Why is it that many crystalline silicon solar cells ‘only’ have an efficiency of 16% when converting solar radiation into usable electrical power and the resulting solar modules ‘only’ have an efficiency of 14%? What are the physical and technological limits to this efficiency?

In order that light can be converted into electricity, it has to penetrate into a solar cell. This consists of a semiconductor material that is characterised by its energy band gap Eg between the occupied and unoccupied electronic conditions. With crystalline silicon, the band gap energy is around 1.1eV, which corresponds to a characteristic light wavelength of 1.1 μm. Long-wave infrared light is let through the semiconductor while shortwave light is absorbed.
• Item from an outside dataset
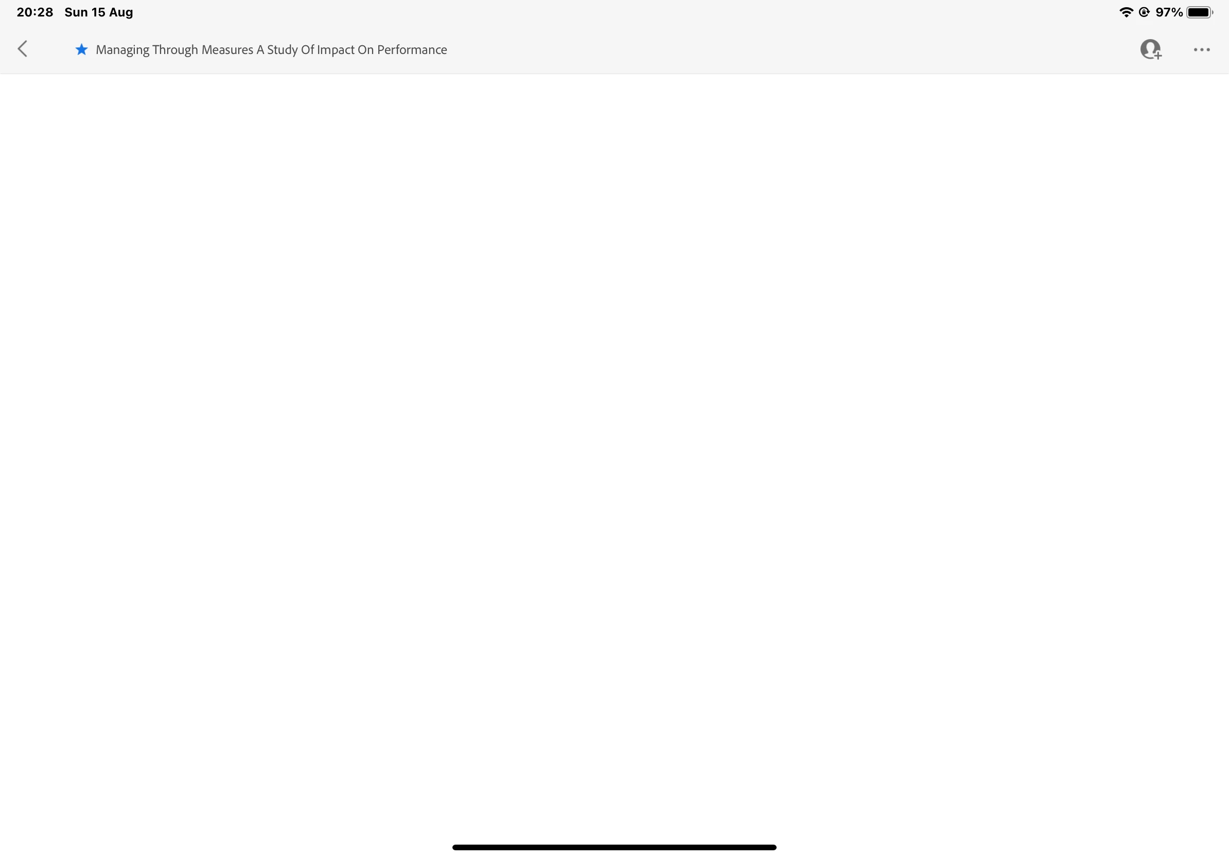 Some documents in my cloud won't open using iPad acrobat pro. It shows a white screen. Note if I choose a different document, it will work. This problem occurs only on iPad acrobat pro. Using acrobat for iMac shows no problem with that document.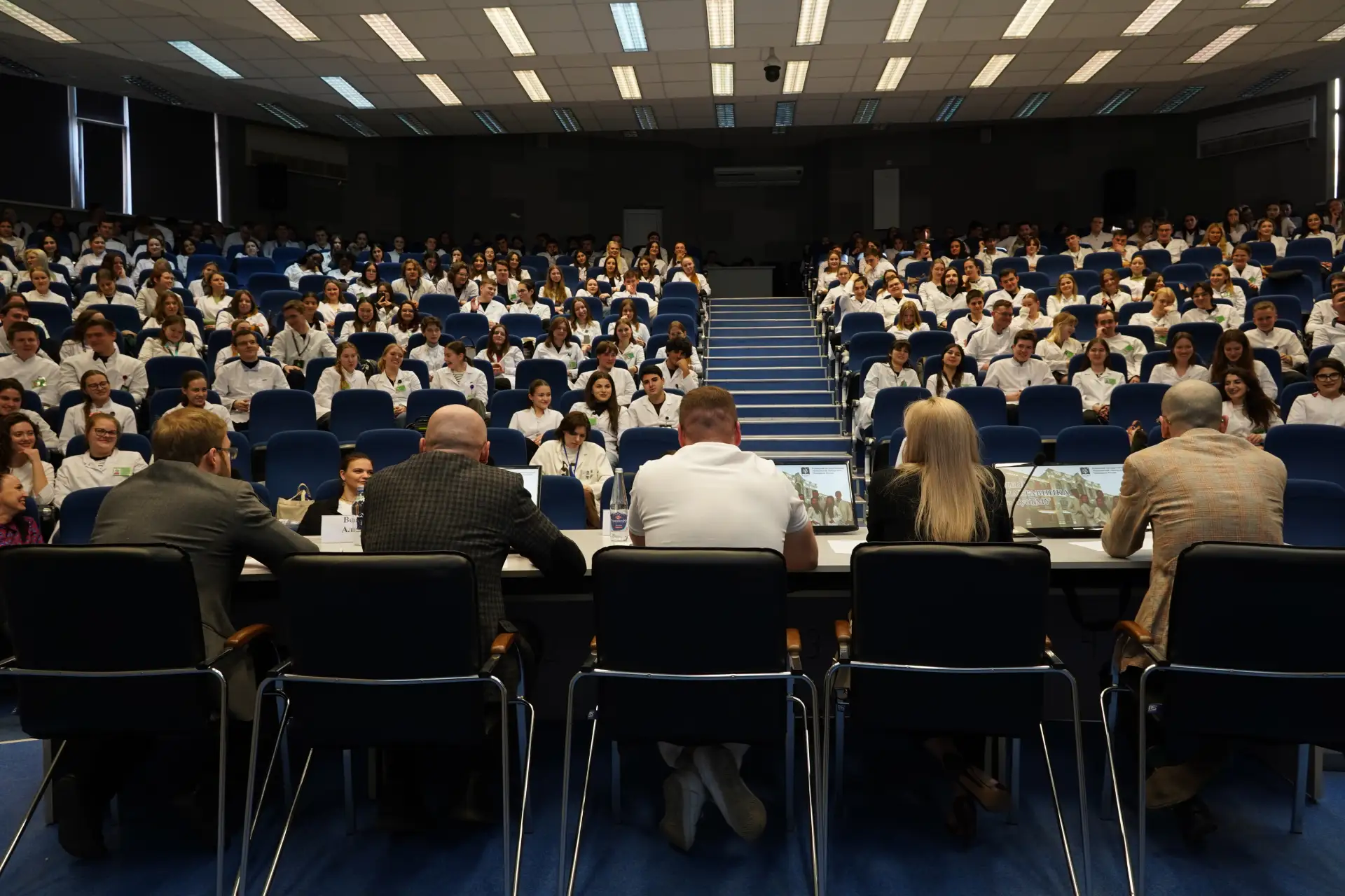 ➡️ Гостями встречи стали выпускники разных лет: Анастасия Гамазенкова, Самир Ризаев, Владимир Полищук, Александр Веревкин и Марк Деренский. Они поделились личным опытом — о первых днях в университете, страхах перед сессией, сложностях учебы и переходе от статуса студента к практикующему врачу.

Various loss mechanisms reduce the yields from electrical energy. When a light particle (photon) is absorbed, a so-called electron hole pair is generated from the negatively charged electron and the positively charged hole. With high-energy short-wave light, the surplus energy hυ-Eg is released to the crystal lattice in the form of heat. Here, around 30% of the light energy is already lost for the electricity generation (1). The energy form the non-absorbed longwave photons from the solar spectrum is also lost (2). In the solar cell, the charge separation of the light-generated electron hole pairs creates an open terminal voltage Voc, which in turn is smaller than the band gap voltage Eg/q (3). The solar cell has an exponential current-voltage characteristic, which means that the maximum obtainable power point Vmppj mpp is smaller than the product of the open terminal voltage and the short-circuit current density jsc (4). In the n- and p-doped areas, Auger recombination takes place (5) in which the electron hole pairs are destroyed. These five basic loss mechanisms mean that the theoretical maximum efficiency of an ideal c-Si solar cell is 29%. The surfaces of real solar cells create an abrupt disruption of the crystal lattice that causes recombinationactive electronic conditions in the band gap. In real crystal, technology- determined microscopic crystal defects and contamination also occur that cause the recombination of electron-hole pairs (6). This volume recombination is much stronger in multicrystalline silicon than in monocrystalline silicon, reducing the efficiency of standard industry solar cells to between 17 and 18%. Optical reflection losses caused by non-optimal light coupling (7) and electrical conduction losses in the solar cells (8) further reduce the cell efficiency to around 16%. Further losses are created by the series connections and encapsulation of the solar cells in the module, which mean that the module itself achieves an efficiency of around 14%. The best small-sized c-Si solar cells currently achieve 25%, whereby 26% appears to be possible. In the long term, a module efficiency of around 24% can be expected. Further increases are possible through concentrating light (3). Research is also being conducted on manipulating the light spectrum (1) and (2) and the introduction of suitable heterojunctions (5).